Other application domains have also explored HMC, such as managing IT services [37, 38], text classification on social media [39], large scale document classification [40] and annotation of non-coding RNA [41]. It can even be applied to non-hierarchical multi-label problems where artificial hierarchies are created [42].

Updated datasets

In this section, we present an overall description of the datasets and their taxonomies, followed by details on how we updated both FunCat and Gene Ontology versions. The resulting updated versions are available at https://www.kuleuven-kulak.be/nl/onderzoek/itec/projects/research-focus/software.

Overall description

Clare [43] originally proposed 12 datasets containing features extracted from protein sequences of the organism Saccharomyces cerevisiae (yeast) whose targets are their protein functions. These 12 datasets contain largely the same proteins, nonetheless differ in their descriptive features. Furthermore, these datasets are divided into train, test and validation sets.

It is known that the yeast and human genomes have many similar genes, furthermore yeast is considerably cheaper and experiment-wise efficient when compared to other species, making it a widely addressed subject in bioinformatics applications [44]. In Table 2, we provide more information about these datasets.

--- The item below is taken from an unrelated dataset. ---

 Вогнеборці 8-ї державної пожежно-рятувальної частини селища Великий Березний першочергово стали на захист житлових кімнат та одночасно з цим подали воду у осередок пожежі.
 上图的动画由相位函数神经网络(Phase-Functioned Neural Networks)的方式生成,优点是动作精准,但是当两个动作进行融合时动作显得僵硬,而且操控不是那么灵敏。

Table 2 Statistical information on the 2007 datasets

Full size table

The Hom dataset presents information between analogous (similar) yeast genes. Using an homology engine, such as BLASTn ^{Footnote 2}, other similar yeast genes are discovered. Then, properties between the sequences from the dataset and their analogous ones are measured. The Pheno dataset contains phenotype data based on knock-out mutants. Each gene is removed to form a mutant strain, and the corresponding change in phenotype as compared to the wild type (no mutation) is observed after growing both strains on different growth media. The Seq dataset stores features extracted from the amino acid sequences of the proteins, such as molecular weight, length and amino acid ratios. As its name suggests, the Struc dataset contains features based on the second structure of the proteins annotated in a binary format. In the case of an unknown structure, the software PROF [45] was used to predict it. Known structures were promptly annotated. All the other datasets were constructed based on the expression of genes recorded across an entire genome using microchips [43].

As an extension to these datasets, Vens [2] mapped the targets to the Gene Ontology taxonomy. Additionally, the FunCat annotations used by Clare [43] were updated.

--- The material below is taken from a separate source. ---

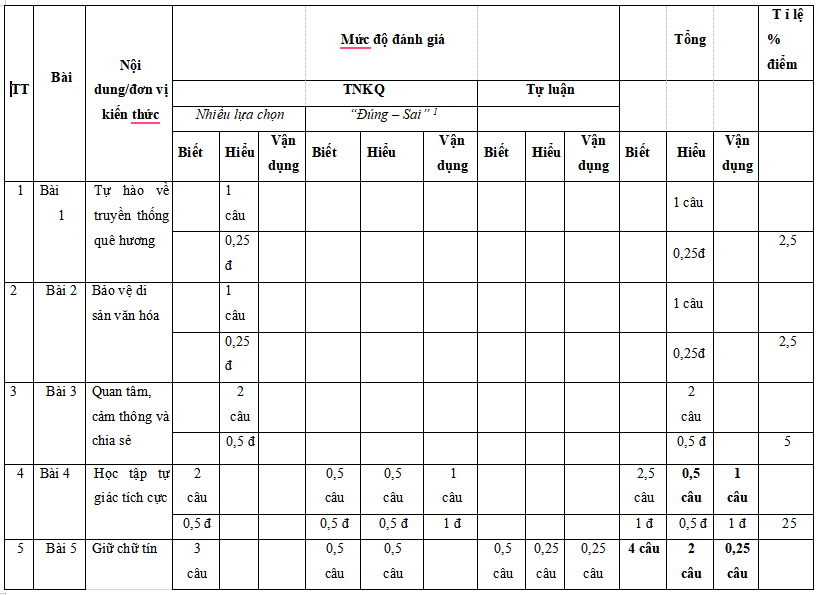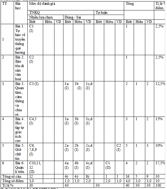 Xem đầy đủ ma trạn, bản đặc tả trong file tải về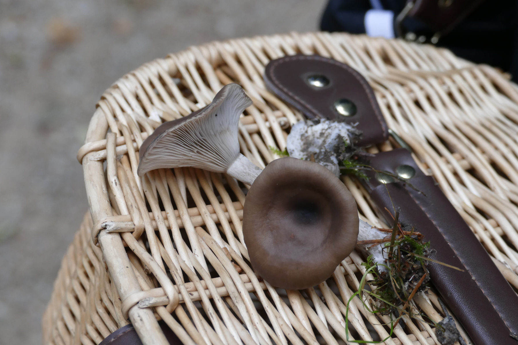 1 kaffeebrauner Gabeltrichterling (der nicht gegessen wurde)

FunCat is an organism independent functional taxonomy of proteins functions which is widely adopted throughout bioinformatics. As shown in Fig. 1, FunCat places generic functions in high levels of the taxonomy, then it sequentially divides such functions into specific ones, forming a tree-shaped hierarchy where each function has one ancestor function. From the machine learning perspective, FunCat is used as an underlying hierarchy of labels. Thus, each protein function is addressed as a label in a classification task where the relationships established by FunCat are taken in account.

Similarly, the Gene Ontology (GO) is a taxonomy whose main goal consists of defining features of genes in an accurate and species independent fashion [23]. More specifically, the GO is composed of three sub-ontologies: molecular function, cellular component and biological process. The molecular function sub-ontology contains information about activities performed by gene products in the molecular-level. The cellular component sub-ontology, as its name suggests, describes the locations where gene products perform functions. Finally, the biological process sub-ontology annotates processes performed by multiple molecular activities.

All information in the GO is described using terms which are nodes with an unique ID, a description and their relationship with other terms. Due to these relationships, the GO is defined as a directed acyclic graph in the machine learning literature, making it a challenging task due to the substantial high number of terms, and many intrinsic relationships among them. Figure 2 presents a small part of the GO.

FunCat update

In order to update these datasets, we have performed the procedure described in Fig. 4. Using the IDs from the sequences, we have queried UniProt, obtaining new annotated functions for the sequences. Next, we built the hierarchy of each dataset, and replaced the old annotations by the new ones, i.e. we have removed entirely the annotations from 2007, and concatenated the new annotations with the original features. Mind that each dataset described in Table 2 uses a slightly different FunCat subset. The hierarchies differ between the datasets, because the protein subset differs as seen in Table 2, since not every protein can be found in every original dataset by Clare.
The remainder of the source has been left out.